Among the entries below, which lines run from the line with "11月9日,中华人民共和国国" through the line with "Грунтовка глубокого проникновения"? Retype those, both ends included, exactly and without pictures.

===== PROVIDED DATA

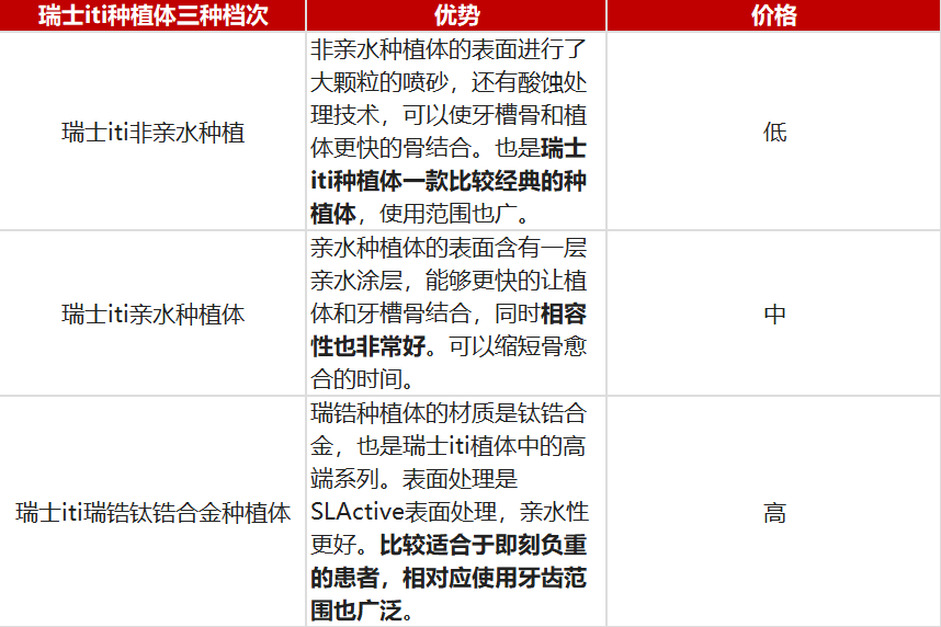 iti種植系統(tǒng)有三種不同系列分別是:親水性種植系統(tǒng)、非親水性種植系統(tǒng)和瑞鋯-鈦鋯合金SLA系列。價格大概在13000~20000元,種植體和基臺間呈中空柱狀結(jié)構(gòu),能較快實現(xiàn)骨生長。親水性種植系統(tǒng)具有較好的骨誘導(dǎo)功能,牙槽骨在3—4周就可以快速愈合,而非親水性種植系統(tǒng)大概在2—3個月時間才能和骨結(jié)合。
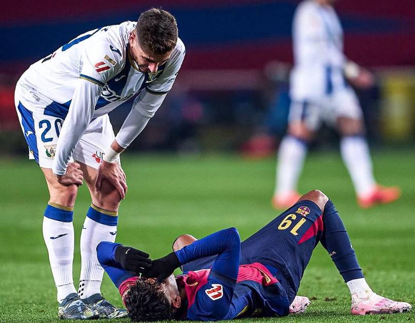 Yamal sufrió “un traumatismo en el tobillo derecho durante el partido de ayer ante el CD Leganés”, anunció el equipo catalán en un comunicado difundido en las redes sociales, al día siguiente de la derrota en el partido de LaLiga.
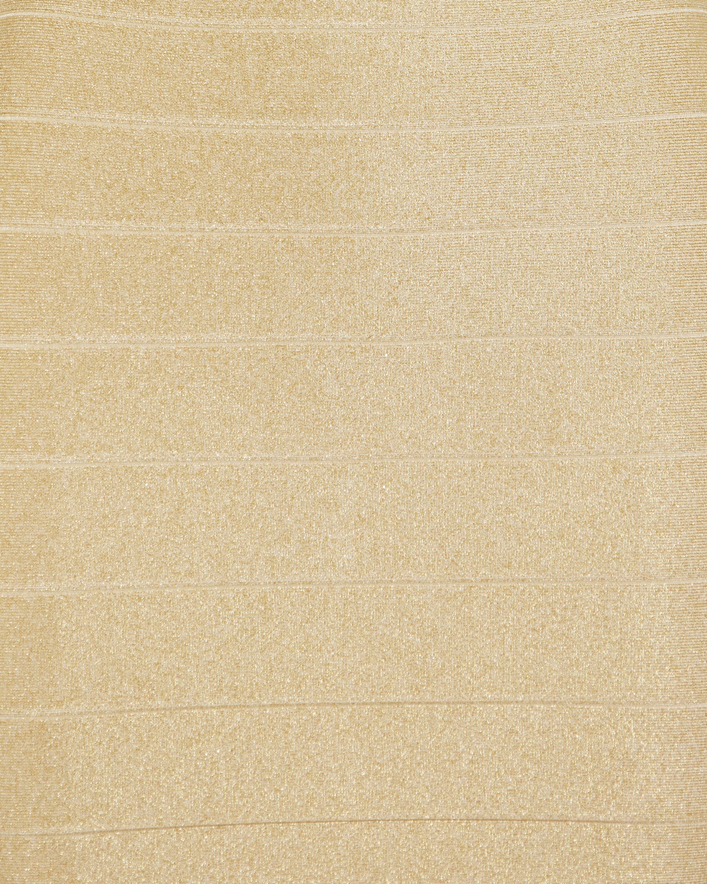 A metallic gold bandage dress featuring Hervé Léger’s signature figure-hugging fit. Perfect for evening events and cocktail occasions, the dress combines sculpted tailoring with contemporary glamour. Its shimmering finish and sleek silhouette create a standout statement piece for elevated, sophisticated ensembles.
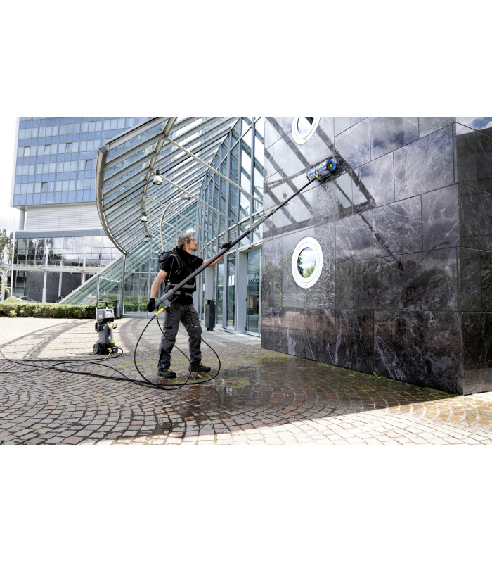 Utilisation polyvalente Pour le nettoyage des fenêtres, façades et panneaux solaires à l'eau osmosée. Pour le nettoyage à haute pression ou à basse pression à l'aide de brosses. | Ergonomie maximale Sécurité anti-rotation Anti Spin sur les lances pour un travail sûr et ergonomique. Attaches rapides avec un desserrage simple et rapide des tubes de la lance. Base rotative garantissant une utilisation facile et ergonomique. | Très pratique Réglage sans outils de l'effet de serrage au niveau des attaches rapides. Avec des crochets de serrage pour le guidage du flexible d'eau à l'extérieur de la lance. Pied avec crochet pour la fixation d'une sangle et du harnais |
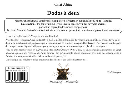 Deux chiens. Un canapé. Vingt scènes inoubliables ! Avec talent et tendresse, Cecil Aldin (1870-1935), maître britannique de l’illustration animalière, croque la vie quotidienne de ses chiens Micky, gigantesque lévrier irlandais, et Cracker, intrépide Bull Terrier. L’un occupe tout l’espace du canapé, l’autre déploie mille ruses pour partager la sieste de son compagnon placide et indulgent. Paru pour la première fois en 1929 sous le titre "Sleeping Partners", Dodos à deux est une comédie sans paroles, en vingt tableaux, qui capture l’essence de l’âme canine. Plus qu’un simple album charmant, c’est une ode intemporelle à l’amitié, à la complicité et à l’art délicat de la sieste partagée. Un classique qui séduira tous les amoureux des chiens et des belles illustrations !
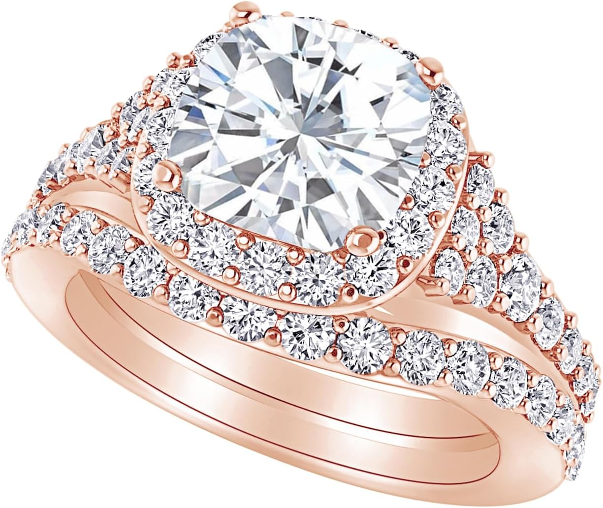 1-8 Carat (ctw) White Gold Cushion Cut LAB GROWN Diamond Single Halo Cushion Cut Wedding Bridal Set (Color D-E Clarity VS1-VS2)
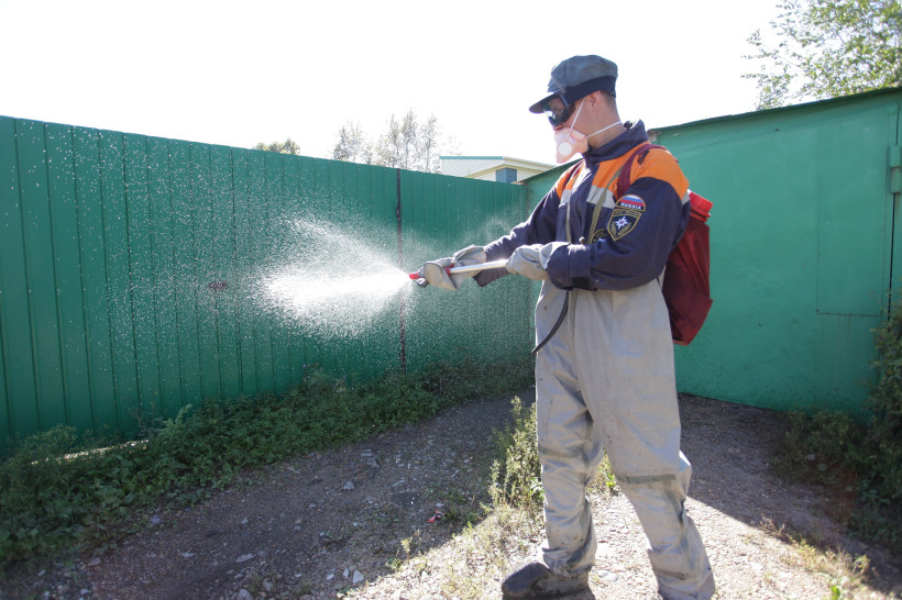 81 килограмм сульфохлорантина использовали вчера для дезинфекции территорий Благовещенска, которые подтопило во время паводка. Также жителям выдали 312 дезпакетов для самостоятельного обеззараживания придомовых территорий.
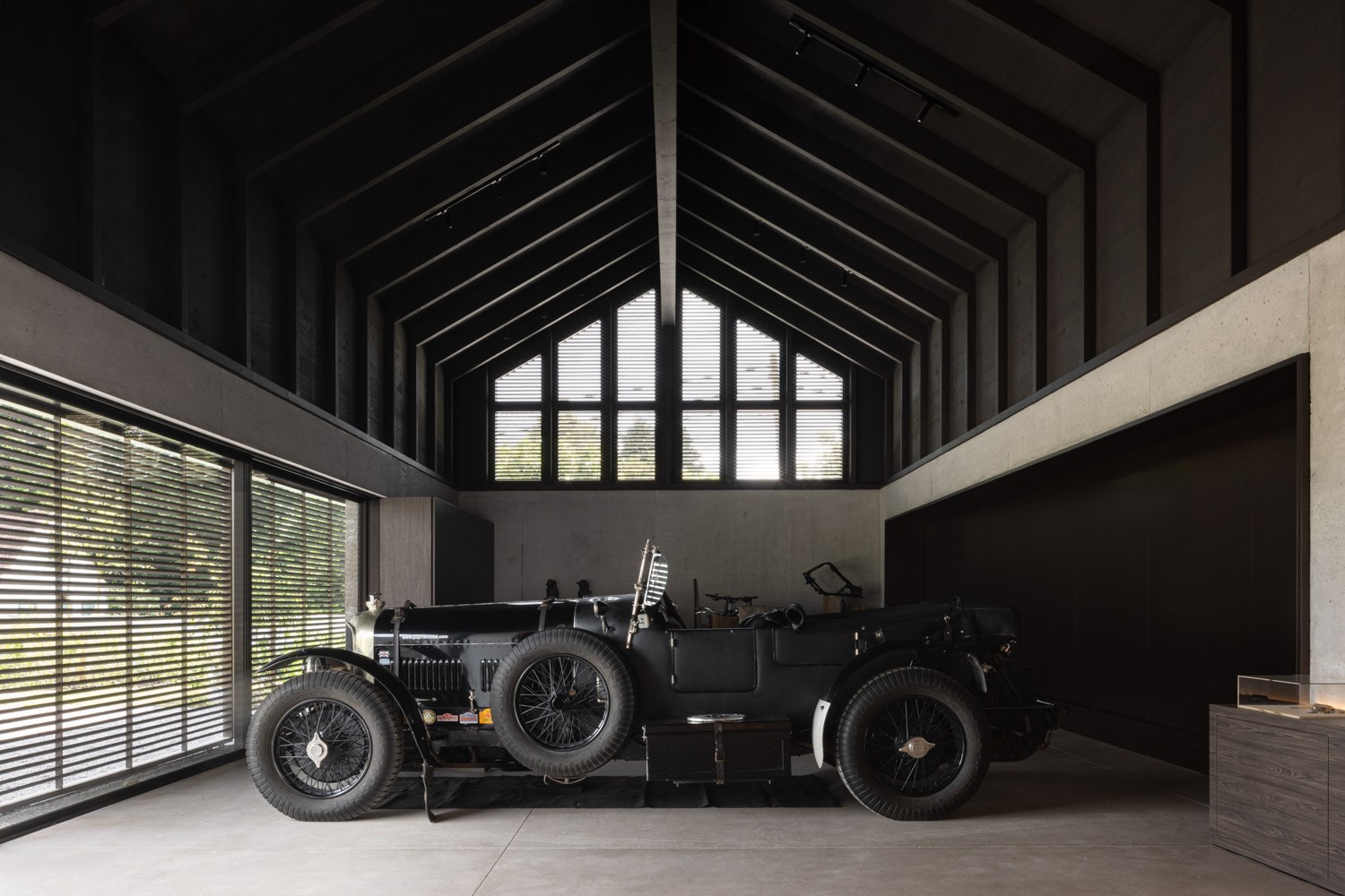 Parallel met de baan ligt het woongedeelte. Zonder hellend dak en gestript van alle aankleding toont dit volume zich in essentie als een conceptuele opeenvolging van gesloten ruimtes met open, glazen volumes ertussenin. Van aan de ingang loop je zo door een centrale gang die de keuken links en de netjes weggewerkte, praktische ruimtes rechts van elkaar scheidt om uit te monden in een opeenvolging van een open leefruimte, intieme zitruimte en de masterbedroom. Ook die laatste weet, warmpjes aangekleed met textiel, een laag balkenplafond in donkere eik en omzoomd door landschap, de balans te vinden tussen weids en geborgen wonen.
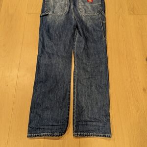 Stylish blue denim overalls with adjustable straps and front pockets. Perfect for casual wear.
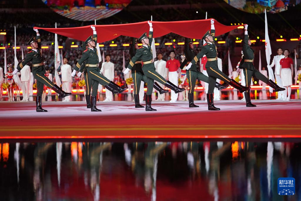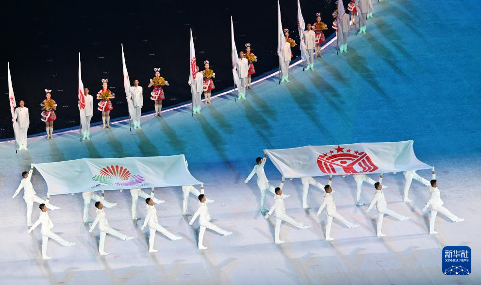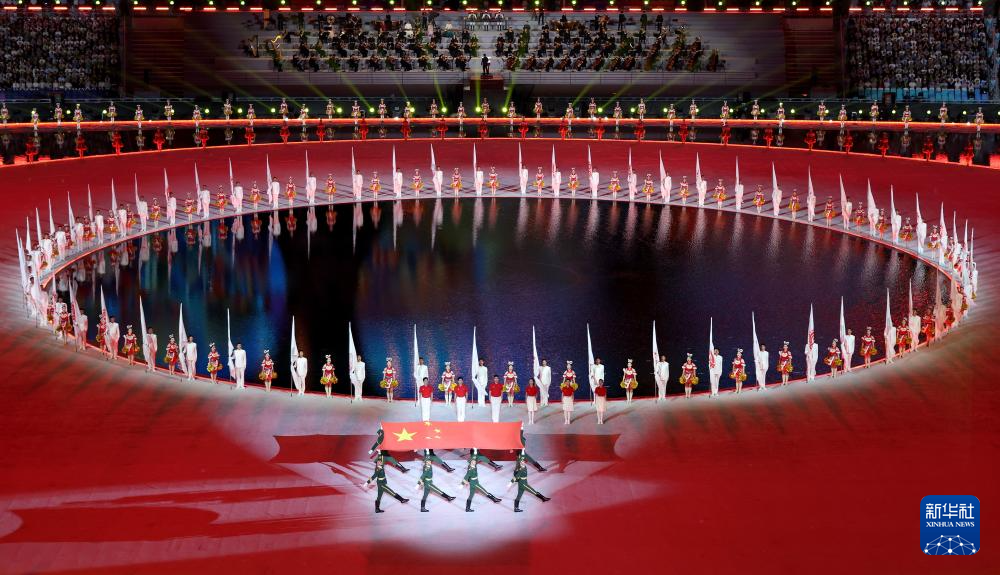 11月9日,中华人民共和国国旗、中华人民共和国运动会会旗和第十五届全国运动会会旗在开幕式现场升起。
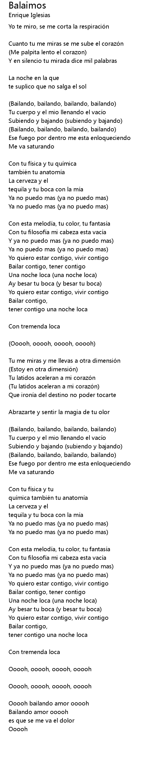 | (Bailando, bailando, bailando, bailando) | |
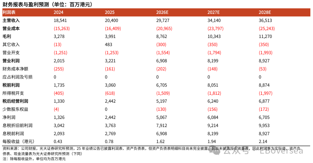 2)主营业务收入同比双位数增长,收入占比提升。分业务板块看:2025全年公司覆铜面板/物业/投资收入分别为202.25亿/0.78亿/0.97亿港元,同比+10.5%/-38.7%/-11.4%。受益于覆铜板及上游原材料(电子玻纤纱、玻纤布及铜箔)需求强劲,25年公司产品相较于24年实现量价齐升,25年电子玻纤纱、玻纤布利润超6亿港元,同比+70%。此外,公司25年业绩公告称“目前多家覆铜板公司因缺电子布影响生产,电子布价格仍在不断攀升”,我们预计26年电子玻纤纱、玻纤布利润有望大幅提升。
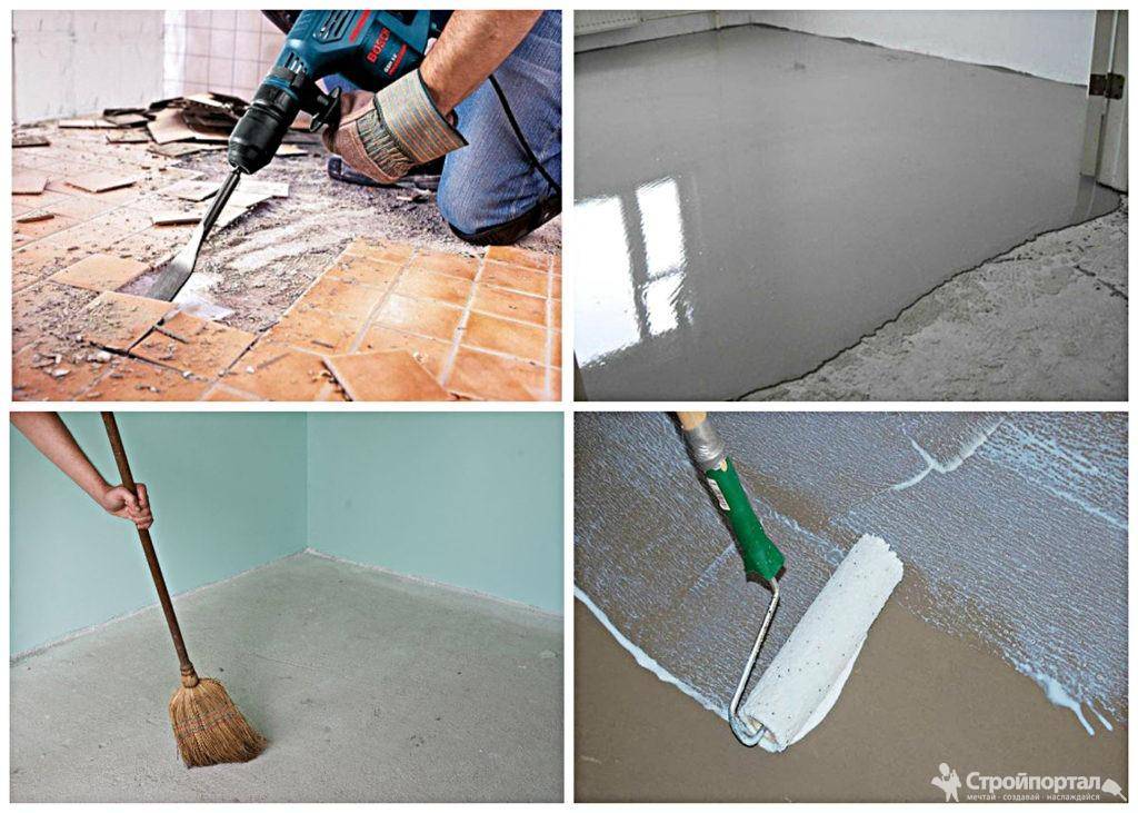 Грунтовка глубокого проникновения поможет не только удалить пыль с пола, но и увеличить площадь сцепления клея с основанием.
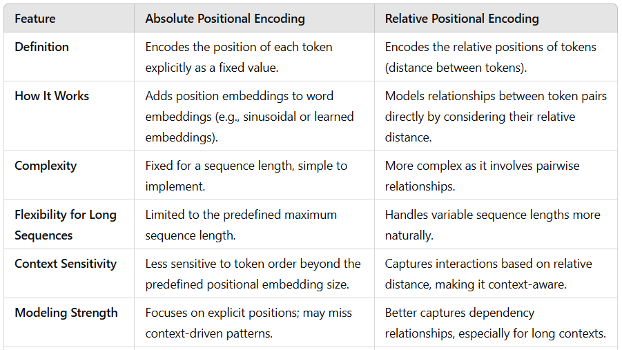 Note: 1. Absolute Positional Encoding is suitable when explicit-order of tokens order are priorities, especially for shorter or fixed-length sequences.
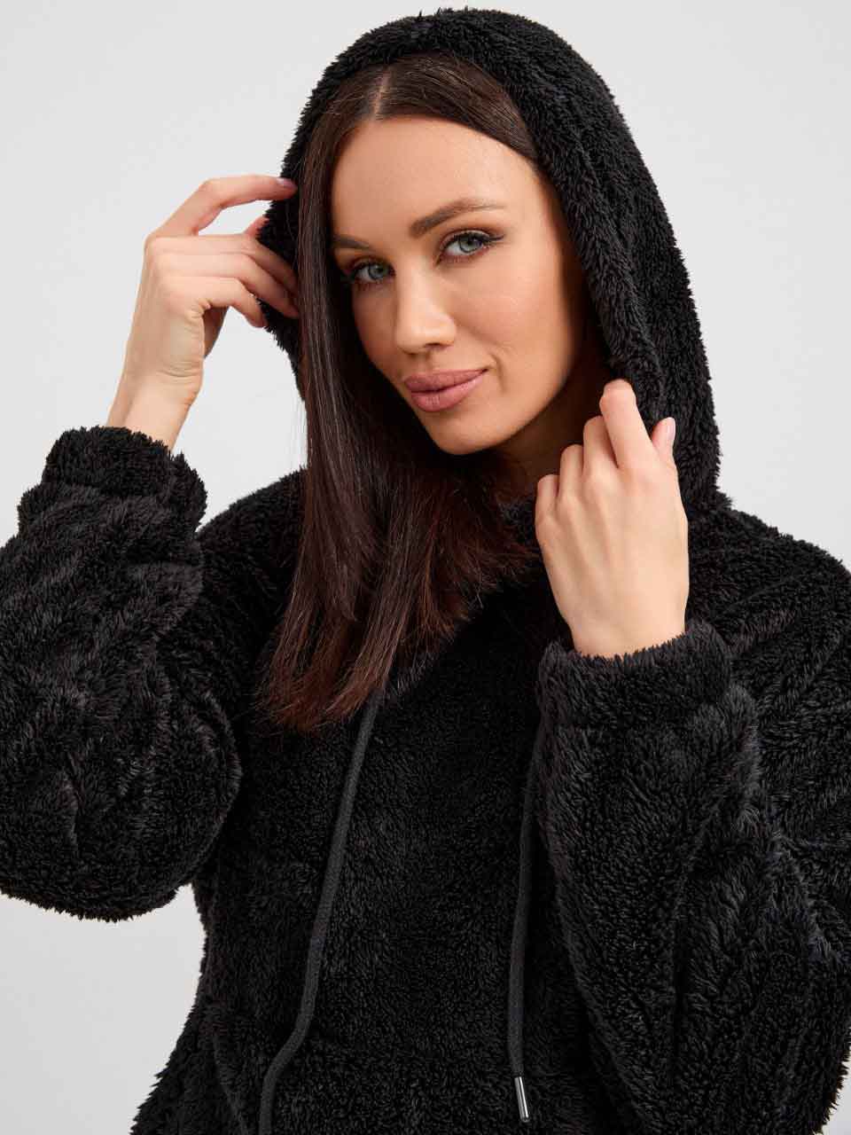Толстовка унисекс из искусственного меха, с втачными рукавами и капюшоном со шнурком. На полочке накладной карман-кенгуру. Низ рукавов и низ куртки с резинкой.
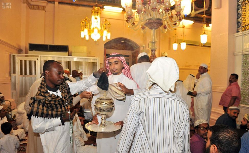 وتتم عملية تبخير المسجد النبوي على فترتين قبل صلاة العشاء وبعد الخمس تسليمات الأولى من صلاة التراويح.
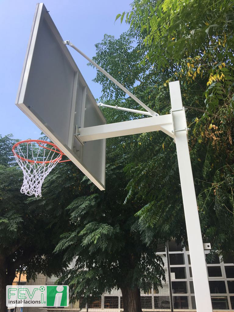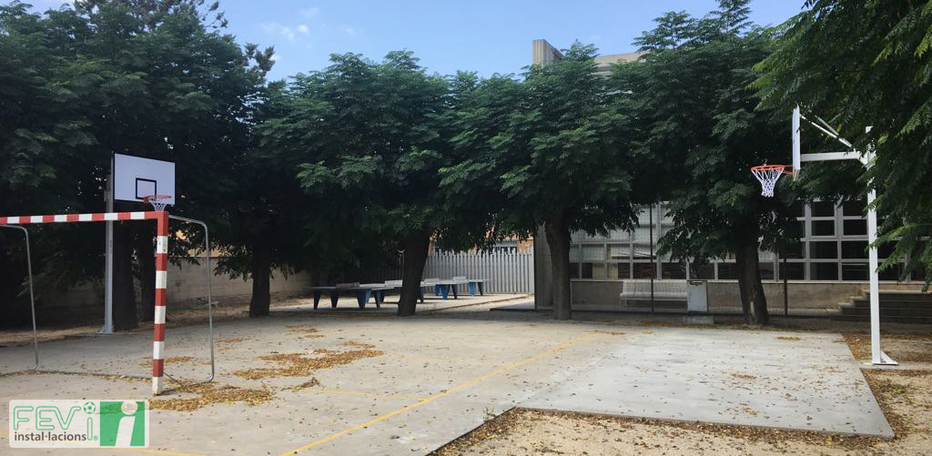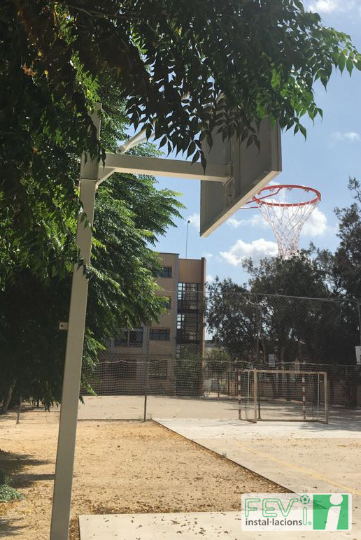 Éstas son las nuevas canastas fijas del Instituto Dertosa en Tortosa (Tarragona). Su sección de tubo 100×100 anclada con doble sistema de tuercas de nivelación y sus tirantes superiores, consiguen la máxima estabilidad para su vuelo de 1’65 metros. El tablero fabricado en pvc espumado recubierto de vinilo está preparado para la máxima resistencia al exterior.

==========

OUTPUT FOR THIS TASK:
 11月9日,中华人民共和国国旗、中华人民共和国运动会会旗和第十五届全国运动会会旗在开幕式现场升起。
 | (Bailando, bailando, bailando, bailando) | |
 2)主营业务收入同比双位数增长,收入占比提升。分业务板块看:2025全年公司覆铜面板/物业/投资收入分别为202.25亿/0.78亿/0.97亿港元,同比+10.5%/-38.7%/-11.4%。受益于覆铜板及上游原材料(电子玻纤纱、玻纤布及铜箔)需求强劲,25年公司产品相较于24年实现量价齐升,25年电子玻纤纱、玻纤布利润超6亿港元,同比+70%。此外,公司25年业绩公告称“目前多家覆铜板公司因缺电子布影响生产,电子布价格仍在不断攀升”,我们预计26年电子玻纤纱、玻纤布利润有望大幅提升。
 Грунтовка глубокого проникновения поможет не только удалить пыль с пола, но и увеличить площадь сцепления клея с основанием.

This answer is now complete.